▸ Instructions for the task:
Given the material below, output exactly the lines from the line with "Die Wohnungen sind" to the line with "[IEDA] O objetivo", both ends included, and no other lines.

---- Information given

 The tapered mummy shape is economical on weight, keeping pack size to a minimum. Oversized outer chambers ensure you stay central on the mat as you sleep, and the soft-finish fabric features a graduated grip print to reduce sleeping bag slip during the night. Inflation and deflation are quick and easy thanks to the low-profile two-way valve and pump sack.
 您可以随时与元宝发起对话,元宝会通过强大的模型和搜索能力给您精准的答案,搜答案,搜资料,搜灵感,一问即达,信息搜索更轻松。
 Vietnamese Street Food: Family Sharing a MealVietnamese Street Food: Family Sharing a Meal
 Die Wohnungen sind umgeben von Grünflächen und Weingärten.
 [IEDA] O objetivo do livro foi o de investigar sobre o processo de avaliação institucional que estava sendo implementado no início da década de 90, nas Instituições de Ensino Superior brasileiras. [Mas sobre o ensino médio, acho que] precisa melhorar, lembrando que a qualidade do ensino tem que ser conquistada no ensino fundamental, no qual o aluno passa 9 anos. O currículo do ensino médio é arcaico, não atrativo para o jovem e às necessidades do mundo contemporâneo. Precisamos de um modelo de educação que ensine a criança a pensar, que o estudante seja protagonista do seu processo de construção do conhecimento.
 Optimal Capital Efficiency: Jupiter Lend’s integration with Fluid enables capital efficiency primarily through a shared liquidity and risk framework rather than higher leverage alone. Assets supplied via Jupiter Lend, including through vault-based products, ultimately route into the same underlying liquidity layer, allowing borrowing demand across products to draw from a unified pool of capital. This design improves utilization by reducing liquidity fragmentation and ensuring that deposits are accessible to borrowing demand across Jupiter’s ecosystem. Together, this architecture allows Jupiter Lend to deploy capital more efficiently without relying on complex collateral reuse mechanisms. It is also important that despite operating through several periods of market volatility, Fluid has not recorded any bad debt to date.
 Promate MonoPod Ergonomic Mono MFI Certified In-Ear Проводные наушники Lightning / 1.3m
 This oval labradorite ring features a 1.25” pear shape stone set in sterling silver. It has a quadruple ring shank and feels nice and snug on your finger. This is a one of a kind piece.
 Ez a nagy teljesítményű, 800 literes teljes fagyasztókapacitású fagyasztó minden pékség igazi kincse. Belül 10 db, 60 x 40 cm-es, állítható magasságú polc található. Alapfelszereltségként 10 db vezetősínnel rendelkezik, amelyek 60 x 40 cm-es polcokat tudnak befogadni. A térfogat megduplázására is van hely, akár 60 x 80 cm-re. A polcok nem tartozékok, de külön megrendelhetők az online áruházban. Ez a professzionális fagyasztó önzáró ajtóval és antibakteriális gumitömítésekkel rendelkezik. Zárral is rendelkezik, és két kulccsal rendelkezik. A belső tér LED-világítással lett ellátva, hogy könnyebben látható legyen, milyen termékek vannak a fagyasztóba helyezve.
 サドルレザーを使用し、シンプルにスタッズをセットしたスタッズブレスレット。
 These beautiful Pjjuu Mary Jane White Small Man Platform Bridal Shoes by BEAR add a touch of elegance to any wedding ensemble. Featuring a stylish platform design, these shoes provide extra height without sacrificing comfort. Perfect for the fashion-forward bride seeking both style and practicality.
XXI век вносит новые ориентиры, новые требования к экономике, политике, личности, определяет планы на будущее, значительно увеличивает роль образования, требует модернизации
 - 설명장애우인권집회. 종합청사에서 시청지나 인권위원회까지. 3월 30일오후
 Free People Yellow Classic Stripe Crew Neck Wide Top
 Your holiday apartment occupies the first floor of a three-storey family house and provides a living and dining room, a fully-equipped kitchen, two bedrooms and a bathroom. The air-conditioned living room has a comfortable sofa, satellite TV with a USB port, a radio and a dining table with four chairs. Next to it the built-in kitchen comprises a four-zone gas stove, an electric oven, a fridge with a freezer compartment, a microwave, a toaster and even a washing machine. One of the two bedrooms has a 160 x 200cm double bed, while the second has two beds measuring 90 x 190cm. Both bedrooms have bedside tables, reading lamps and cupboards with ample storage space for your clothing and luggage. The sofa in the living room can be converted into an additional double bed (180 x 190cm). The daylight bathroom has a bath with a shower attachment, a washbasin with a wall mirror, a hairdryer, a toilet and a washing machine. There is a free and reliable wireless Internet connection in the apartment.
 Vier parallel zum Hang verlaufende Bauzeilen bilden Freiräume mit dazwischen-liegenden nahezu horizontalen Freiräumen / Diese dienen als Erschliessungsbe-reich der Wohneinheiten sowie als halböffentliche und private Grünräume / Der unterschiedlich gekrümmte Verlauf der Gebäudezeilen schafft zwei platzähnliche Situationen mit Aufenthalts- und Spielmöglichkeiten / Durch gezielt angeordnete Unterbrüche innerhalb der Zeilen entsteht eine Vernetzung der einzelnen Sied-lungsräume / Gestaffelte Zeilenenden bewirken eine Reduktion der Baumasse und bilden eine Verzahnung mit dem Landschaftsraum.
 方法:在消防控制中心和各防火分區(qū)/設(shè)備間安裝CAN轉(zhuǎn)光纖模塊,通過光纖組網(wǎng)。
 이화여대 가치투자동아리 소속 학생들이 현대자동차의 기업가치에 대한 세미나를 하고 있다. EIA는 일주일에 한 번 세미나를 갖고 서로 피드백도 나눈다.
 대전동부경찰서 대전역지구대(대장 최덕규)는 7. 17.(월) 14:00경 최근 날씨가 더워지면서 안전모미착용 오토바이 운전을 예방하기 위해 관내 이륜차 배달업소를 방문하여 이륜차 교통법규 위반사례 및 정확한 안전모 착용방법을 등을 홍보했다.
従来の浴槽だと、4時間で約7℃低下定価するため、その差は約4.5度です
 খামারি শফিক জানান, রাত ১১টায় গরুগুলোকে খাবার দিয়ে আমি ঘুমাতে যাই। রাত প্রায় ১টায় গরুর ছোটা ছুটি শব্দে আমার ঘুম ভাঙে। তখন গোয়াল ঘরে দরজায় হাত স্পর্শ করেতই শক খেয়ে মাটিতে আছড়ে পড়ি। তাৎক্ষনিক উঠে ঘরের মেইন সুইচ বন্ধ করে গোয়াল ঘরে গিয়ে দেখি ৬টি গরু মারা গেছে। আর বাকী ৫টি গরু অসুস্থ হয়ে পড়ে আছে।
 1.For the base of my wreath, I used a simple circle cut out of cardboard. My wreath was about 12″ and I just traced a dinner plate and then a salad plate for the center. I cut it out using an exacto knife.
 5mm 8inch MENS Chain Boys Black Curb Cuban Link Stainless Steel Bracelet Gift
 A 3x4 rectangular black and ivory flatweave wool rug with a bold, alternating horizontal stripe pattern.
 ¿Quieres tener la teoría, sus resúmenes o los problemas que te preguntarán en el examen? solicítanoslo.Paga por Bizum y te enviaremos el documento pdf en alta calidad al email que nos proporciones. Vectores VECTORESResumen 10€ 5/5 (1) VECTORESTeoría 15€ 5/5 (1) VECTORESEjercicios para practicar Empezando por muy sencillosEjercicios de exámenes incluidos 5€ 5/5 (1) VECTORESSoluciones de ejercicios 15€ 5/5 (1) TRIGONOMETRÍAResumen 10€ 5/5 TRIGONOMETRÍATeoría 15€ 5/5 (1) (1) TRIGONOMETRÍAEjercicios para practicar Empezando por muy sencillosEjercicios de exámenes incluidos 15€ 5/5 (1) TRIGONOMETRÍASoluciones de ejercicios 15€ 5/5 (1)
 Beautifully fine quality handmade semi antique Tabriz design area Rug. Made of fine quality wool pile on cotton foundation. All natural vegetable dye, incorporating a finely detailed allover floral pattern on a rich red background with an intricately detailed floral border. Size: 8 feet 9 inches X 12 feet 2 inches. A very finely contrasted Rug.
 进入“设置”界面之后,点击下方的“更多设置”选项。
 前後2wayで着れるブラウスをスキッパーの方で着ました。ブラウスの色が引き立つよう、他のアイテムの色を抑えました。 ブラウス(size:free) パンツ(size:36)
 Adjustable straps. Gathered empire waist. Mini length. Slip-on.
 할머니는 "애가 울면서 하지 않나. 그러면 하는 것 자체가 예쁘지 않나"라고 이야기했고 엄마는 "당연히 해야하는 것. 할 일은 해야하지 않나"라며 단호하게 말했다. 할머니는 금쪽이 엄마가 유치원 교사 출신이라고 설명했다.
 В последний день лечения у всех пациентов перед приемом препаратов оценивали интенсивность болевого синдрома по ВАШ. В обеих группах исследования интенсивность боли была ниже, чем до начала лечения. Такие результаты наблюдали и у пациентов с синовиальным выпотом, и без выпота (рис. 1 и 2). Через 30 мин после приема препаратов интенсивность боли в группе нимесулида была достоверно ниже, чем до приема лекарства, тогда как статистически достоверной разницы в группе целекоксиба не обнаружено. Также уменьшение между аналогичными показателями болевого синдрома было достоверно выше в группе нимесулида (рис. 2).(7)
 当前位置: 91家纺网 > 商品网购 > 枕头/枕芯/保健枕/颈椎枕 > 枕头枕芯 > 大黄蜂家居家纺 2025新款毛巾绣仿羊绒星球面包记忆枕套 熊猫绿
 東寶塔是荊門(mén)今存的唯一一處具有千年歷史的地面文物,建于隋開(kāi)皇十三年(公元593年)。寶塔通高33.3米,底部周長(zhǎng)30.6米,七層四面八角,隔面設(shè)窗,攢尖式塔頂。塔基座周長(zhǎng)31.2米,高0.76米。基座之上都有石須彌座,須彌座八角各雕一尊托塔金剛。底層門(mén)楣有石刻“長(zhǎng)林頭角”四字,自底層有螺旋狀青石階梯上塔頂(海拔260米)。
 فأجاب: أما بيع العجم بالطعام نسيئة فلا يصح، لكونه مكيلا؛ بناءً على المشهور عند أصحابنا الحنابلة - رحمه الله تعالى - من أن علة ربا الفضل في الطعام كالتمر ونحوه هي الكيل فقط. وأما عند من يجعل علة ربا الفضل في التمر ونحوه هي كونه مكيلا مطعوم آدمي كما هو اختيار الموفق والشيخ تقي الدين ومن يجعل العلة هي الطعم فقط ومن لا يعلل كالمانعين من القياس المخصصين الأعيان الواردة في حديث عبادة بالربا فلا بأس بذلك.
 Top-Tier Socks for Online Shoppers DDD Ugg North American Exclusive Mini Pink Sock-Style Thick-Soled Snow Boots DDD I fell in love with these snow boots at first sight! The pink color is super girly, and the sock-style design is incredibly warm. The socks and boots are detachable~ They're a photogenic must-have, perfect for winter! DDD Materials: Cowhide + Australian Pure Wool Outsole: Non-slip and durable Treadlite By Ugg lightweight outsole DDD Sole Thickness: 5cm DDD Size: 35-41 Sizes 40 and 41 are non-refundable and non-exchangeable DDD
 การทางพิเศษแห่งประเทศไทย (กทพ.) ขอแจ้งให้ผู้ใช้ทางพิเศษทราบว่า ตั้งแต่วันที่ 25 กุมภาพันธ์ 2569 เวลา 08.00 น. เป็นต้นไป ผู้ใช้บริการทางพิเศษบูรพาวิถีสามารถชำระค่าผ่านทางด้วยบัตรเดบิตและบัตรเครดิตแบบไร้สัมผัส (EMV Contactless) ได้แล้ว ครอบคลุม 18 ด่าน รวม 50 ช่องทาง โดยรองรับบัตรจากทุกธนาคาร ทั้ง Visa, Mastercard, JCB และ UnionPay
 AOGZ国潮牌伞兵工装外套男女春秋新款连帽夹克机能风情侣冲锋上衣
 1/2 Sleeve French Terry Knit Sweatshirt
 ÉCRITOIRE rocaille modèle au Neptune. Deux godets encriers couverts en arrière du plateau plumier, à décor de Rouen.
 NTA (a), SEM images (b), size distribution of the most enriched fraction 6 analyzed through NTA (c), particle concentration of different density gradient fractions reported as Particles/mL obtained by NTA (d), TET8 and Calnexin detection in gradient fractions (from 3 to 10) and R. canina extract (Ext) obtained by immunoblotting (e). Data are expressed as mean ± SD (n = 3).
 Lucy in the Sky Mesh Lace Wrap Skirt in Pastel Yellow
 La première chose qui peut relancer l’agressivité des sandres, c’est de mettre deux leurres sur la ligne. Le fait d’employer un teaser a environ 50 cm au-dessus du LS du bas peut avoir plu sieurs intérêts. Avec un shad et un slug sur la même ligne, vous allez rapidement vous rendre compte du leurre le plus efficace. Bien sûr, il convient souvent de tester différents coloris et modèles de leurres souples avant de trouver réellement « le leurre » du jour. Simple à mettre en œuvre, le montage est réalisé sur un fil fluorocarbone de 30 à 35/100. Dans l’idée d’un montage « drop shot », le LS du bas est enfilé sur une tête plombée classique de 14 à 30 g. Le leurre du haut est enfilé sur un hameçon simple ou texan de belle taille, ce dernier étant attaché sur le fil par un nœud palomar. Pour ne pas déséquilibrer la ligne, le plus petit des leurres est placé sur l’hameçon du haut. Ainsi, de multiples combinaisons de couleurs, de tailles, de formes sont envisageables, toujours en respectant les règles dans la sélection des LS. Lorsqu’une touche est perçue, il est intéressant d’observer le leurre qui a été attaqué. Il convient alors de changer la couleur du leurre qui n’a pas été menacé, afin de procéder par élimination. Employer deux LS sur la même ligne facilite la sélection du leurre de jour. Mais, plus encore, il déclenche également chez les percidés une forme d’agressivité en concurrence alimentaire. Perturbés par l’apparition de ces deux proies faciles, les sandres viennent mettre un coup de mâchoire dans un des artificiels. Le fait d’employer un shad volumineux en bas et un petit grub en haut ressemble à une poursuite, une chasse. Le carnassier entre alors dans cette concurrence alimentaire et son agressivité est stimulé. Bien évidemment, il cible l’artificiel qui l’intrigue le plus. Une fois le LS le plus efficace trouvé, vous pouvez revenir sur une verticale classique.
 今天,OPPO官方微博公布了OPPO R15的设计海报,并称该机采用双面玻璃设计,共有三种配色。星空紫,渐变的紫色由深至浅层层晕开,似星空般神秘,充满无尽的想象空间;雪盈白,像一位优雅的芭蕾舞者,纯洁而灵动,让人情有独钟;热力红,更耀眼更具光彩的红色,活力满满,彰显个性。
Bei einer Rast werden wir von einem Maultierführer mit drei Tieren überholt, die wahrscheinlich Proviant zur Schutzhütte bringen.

--------

▸ Output for this task:
 Die Wohnungen sind umgeben von Grünflächen und Weingärten.
 [IEDA] O objetivo do livro foi o de investigar sobre o processo de avaliação institucional que estava sendo implementado no início da década de 90, nas Instituições de Ensino Superior brasileiras. [Mas sobre o ensino médio, acho que] precisa melhorar, lembrando que a qualidade do ensino tem que ser conquistada no ensino fundamental, no qual o aluno passa 9 anos. O currículo do ensino médio é arcaico, não atrativo para o jovem e às necessidades do mundo contemporâneo. Precisamos de um modelo de educação que ensine a criança a pensar, que o estudante seja protagonista do seu processo de construção do conhecimento.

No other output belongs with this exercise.